All roads lead to Rome: a gastro-route through the capital of Italy
Together with Airbnb rental service, we are launching a series of guides in different cities – from Tbilisi to Lisbon. In the first article, we made a route through the best taverns, cafes, bars, restaurants, fast food outlets and jelatories in Rome and selected apartments for you that can be booked on Airbnb.
We indicated the approximate location of the Airbnb apartments that we liked. You can find out the exact address of the apartment only after you book it.
La tavernaccia da bruno
And other reliable trattorias
The real treasure is an honest and inexpensive family trattoria in the Trastevere quarter. Snacks, pasta, lasagna, meat – all on top. Bruno, who opened this place in 1968, came to Rome from Umbria, therefore, in addition to local specialties, there are also Umbrian ones, for example, pappardelle with boar stew. Now the founder’s daughters run the restaurant, and the husband of one of them, a native of Sardinia, is working in the kitchen, thanks to which a new hit appeared on the menu: a milk pig baked in a wood-burning stove. The main thing is that the tourists here are treated in the same way as the regulars who have been dining here for two decades in a row.
In case you don’t get to Bruno, write down the address Da Enzo – this is another gastronomic scrap of Trastevere. Here, Roman classics are being prepared as a reference: zucchini flowers in batter, Jewish artichokes (fried in oil until crunchy) and kacho-e-pepe pasta with pecorino and black pepper. In the center of Rome, the family-run Colline Emiliane restaurant near the Trevi Fountain, specializing in the cuisine of the Emilia-Romagna region since 1931, has never let down. Order home-made egg pasta there, ravioli with pumpkin deserve special praise – and always something from meat dishes.
Mini Empire Roscioli
Fine cheeses, sausages, pastries and coffee
The Rocoli family, by example, shows how to build a successful family business: it still began in the 1970s with the Antico Forno Roscioli bakery on Chiavari Street, where you can still grab a piece of hot pizza. Later, Salumeria Roscioli, a hybrid of a deli, a winery and a restaurant, appeared nearby. Expensive, crowded, the tables are torn off with hands, but you have not eaten such burrata with sun-dried tomatoes and mortadella with parmesan. Actually, it is recommended to focus on snacks for wine.
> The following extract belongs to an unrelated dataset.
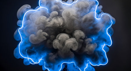 Energetic abstract explosion features turbulent grey smoke surrounded by luminous blue neon light. Swirling clouds create a dramatic, dynamic visual. Perfect for backgrounds, technology themes, or design elements requiring a powerful and striking effect.

Finally, a new and also noteworthy point of indefatigable Rocoli is the Roscioli Caffè pastry shop with beautiful pastries (try maritotstsi, classic Roman buns with cream), an excellent espresso and – a terrible rarity for Rome – coffee brewed by alternative methods.
The best ice cream
From classic to avant-garde
A separate guide can be written on Roman ice cream, which greatly brightens up life during the sizzling summer heat. The reference point has been set forever: the hundred-year-old ice cream maker Giolitti is a real gastronomic attraction with all the crowds of Japanese tourists laid out: not to eat a cherry ball here is the same as not to see the Colosseum. The closest competitor to Giolitti is Il Gelato di San Crispino with notable branches near the Pantheon and the Trevi Fountain.
Gelateria del Teatro on Coronari Street is identified by the crowd gobbling up hand-made ice cream on the steps of a picturesque shabby staircase. The best varieties: honey-lemon, raspberries and sage, dark chocolate with red wine. Fatamorgana also prays for natural ingredients and includes imagination – you can take simple, but ideal fig or coconut, or you can do something a bit more elaborate, for example, fennel with licorice or chocolate with the addition of tobacco infusion. But the main Roman maestro for this part is Claudio Torce, the first to start making ice cream from hot pepper and black sesame. The Torche outpost is located in the far quarter of the EUR (which, however, it is recommended to get out for the sake of Mussolinian architecture), but there is also a branch near the center – look for the signboard Il Gelato di Claudio Torcè near the ruins of the Grand Circus.
Central Market, Testaccio and Eataly Market
Temples of Italian food
The first gastronomic market of the city opened at the end of 2016 in the restored pavilion of the Mussolinian era near Termini Station. Everything according to the laws of the genre – a lot of light, beautiful wooden counters, cooked on one side and peppy sellers who vying to offer something to treat: from some you can get artichokes, from others – a hamburger from kyanina, from the third – wine, from the fourth – Sicilian sweets (tables, of course, also have). In a word, an excellent springboard for a snack, especially if you can’t get used to the Italian tradition of unblocking restaurants strictly at lunch and dinner hours: the market is open from 8 am to midnight.
Those who consider Mercato Centrale too emasculated and touristy go to the market in the test and student quarter of Testaccio. There, be sure to find the Mordi e vai kiosk, where they prepare sandwiches with meat filling according to old recipes – a variety of entrails are used, but it is very tasty.